Bottom line: Apple will continue discounting its iPhones in China to stop its sinking market share, which could slow but not halt its decline in the face of growing competition from the likes of Huawei.
Following a break of a month, I'm returning to my writer's seat with discussion of the China outlook for tech giant Apple (Nasdaq: AAPL), which has turned to a very un-Apple-like strategy of discounting its products in the world's largest smartphone market. China has been a fickle place for Apple, at one point accounting for nearly a quarter of the company's global sales, as brand-conscious Chinese paid big premiums for trendy iPhones. That's hardly the case now, with China accounting for just 15.6 percent of Apple's total sales in its last quarterly report.
Apple's steadily eroding position has led the company to take the unprecedented step of starting to lower prices on its iPhones via promotions with its retailing partners.
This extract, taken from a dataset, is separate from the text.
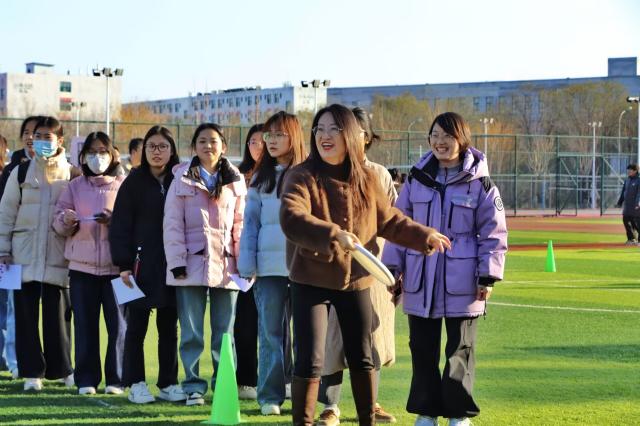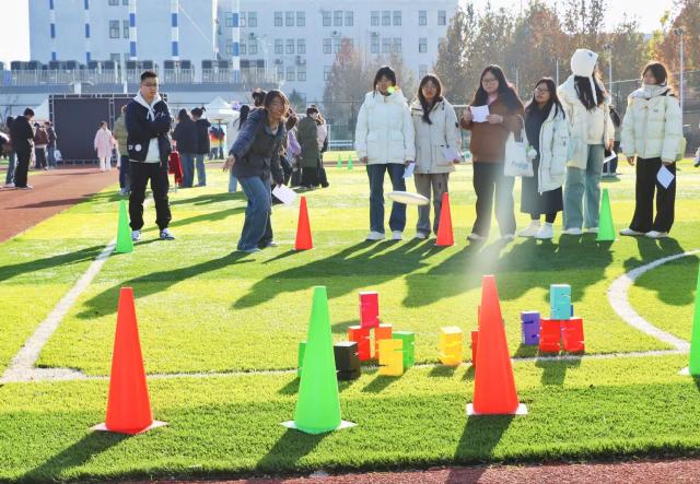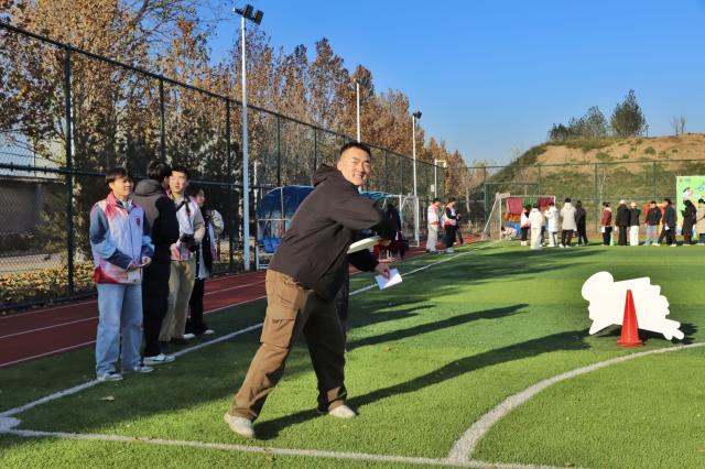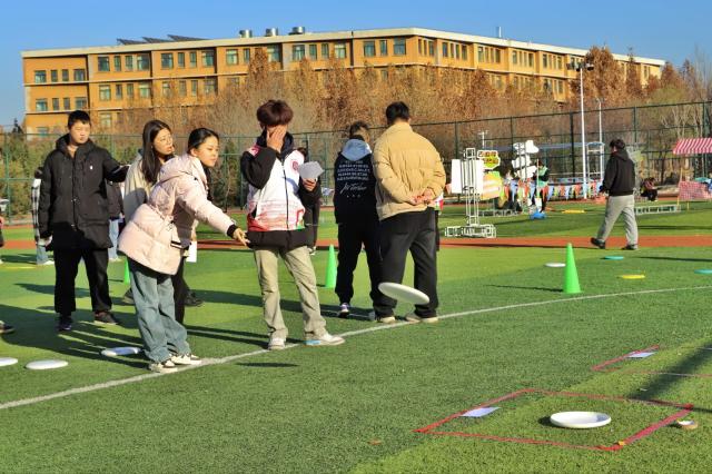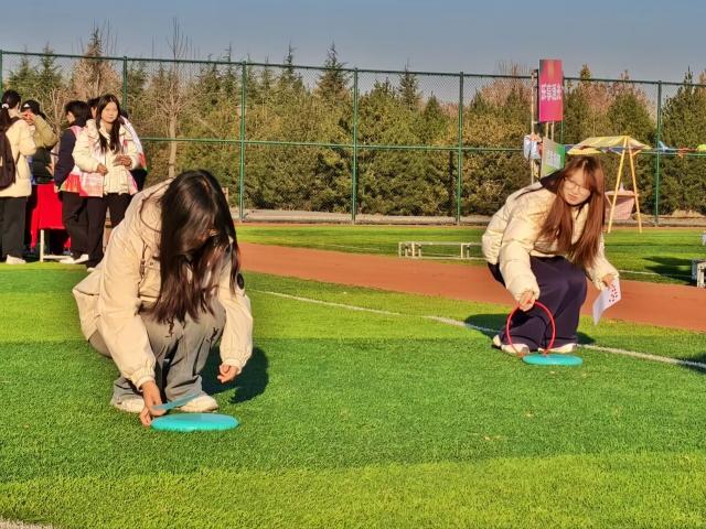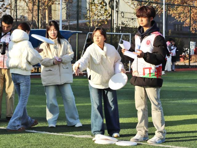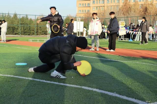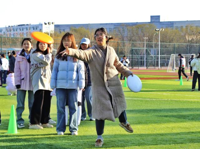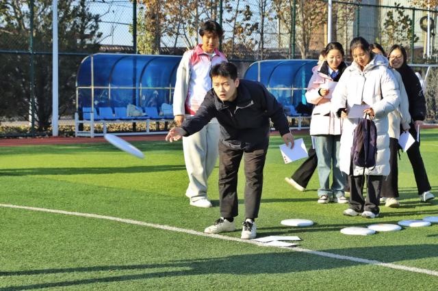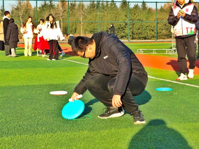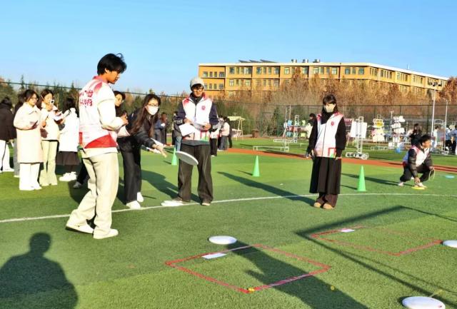 当飞盘破空而出,无论命中与否,总有欢呼与鼓励相伴。失误时,队友的安慰如暖流般治愈;成功时,彼此的拥抱比秋阳更暖。卫娜老师看到同学在九宫格投掷失误时,会主动上前拍拍肩膀鼓励:“没关系,调整一下肯定能中!” 马俊丽老师则在一旁为每一位九宫格选手喝彩,用笑容传递温暖。这朵最特别的小红花,送给赛场上的每一份善意与温暖。

Such a discounting strategy hardly seems suited to Apple, and looks more like something we'd see from the many low-end models that now dominate this market.
So the big question becomes: Will Apple ever be able to recover its past glory days in China, or is the company destined to become another Nokia or Motorola, which also once dominated the market? In my view the answer is probably that Apple is destined to go the way of the dinosaur in China over the next decade, though it may be able to slow down that slide if it lowers its premiums.
From here let's step back and take a look at the market from the broadest perspective, and how it has changed over the last few years. Apple got a lock on the global smartphone market when it first revolutionized the product with its touchscreen iPhones a decade ago, and it quickly copied that success in China a few years later. But that share has been gradually eroded since then as a growing number increasingly savvy competitors have developed ever-improving products running the rival Android system.
That's where China comes in as a slightly different beast, since the big majority of those fast-rising rivals are based in China, which also happens to be the world's largest smartphone market. In the earlier days brand-conscious Chinese consumers went out of their way to shun domestic brands, presuming that anything made by a Chinese company was automatically inferior to products from Western rivals.
No Long the Case
But that's no longer the case, especially with the rise of China's Huawei and some smaller players like OnePlus, which can increasingly make high-quality smartphones that can do almost everything their iPhone counterparts can. Apple was slow to wake up to that reality, and continued to charge big premiums for its phones, which often cost double or more than the highest-end models from Huawei.
Now it seems Apple has finally woken up and realized its name alone doesn't merit such a big markup anymore. The company has been slashing prices these last few months by letting its biggest retail partners do the once-unthinkable and sell the phones for a discount to what they cost through Apple's own official channels. (English article) In an example that looks quite typical, the popular Tmall e-commerce site was recently offering the top-of-the-line iPhone XS Max for 10,799 yuan ($1,600), representing a discount of about 15 percent from the official price.
Those cuts are having at least some impact, which isn't too surprising. One of my local friends recently asked me to buy him an iPhone on a trip to the US, since US prices are typically much lower than in China. But then he abruptly stopped me a few days later, saying he'd seen the model he wanted advertised online in China for roughly the same as the US price. From a geographic perspective, that kind of sale will now get recorded in China, rather than the US, which should help Apple's local sales.
But where does Apple go from a longer-term perspective? This kind of appeal to bargain hunters hardly suits Apple's image as a premium name in brand-conscious China. That means it will probably have to cut its traditionally high markups for future products. That could help it regain some market share over the shorter term, but will also probably fail to halt the gradual migration to increasingly similar Chinese brands. It also won't help Apple's profit margins.
At the same time, Apple's movement to more services, which the company is pursuing as a global strategy, seems unlikely to find much traction in China. This particular market is notoriously closed to foreign companies for any kind of entertainment offerings like audio and video. Collection of personal information by a foreign entity is also a sensitive matter. For those reasons, I really don't see services becoming a big bread-winner for Apple in China, which could sharply dampen its future growth prospects here.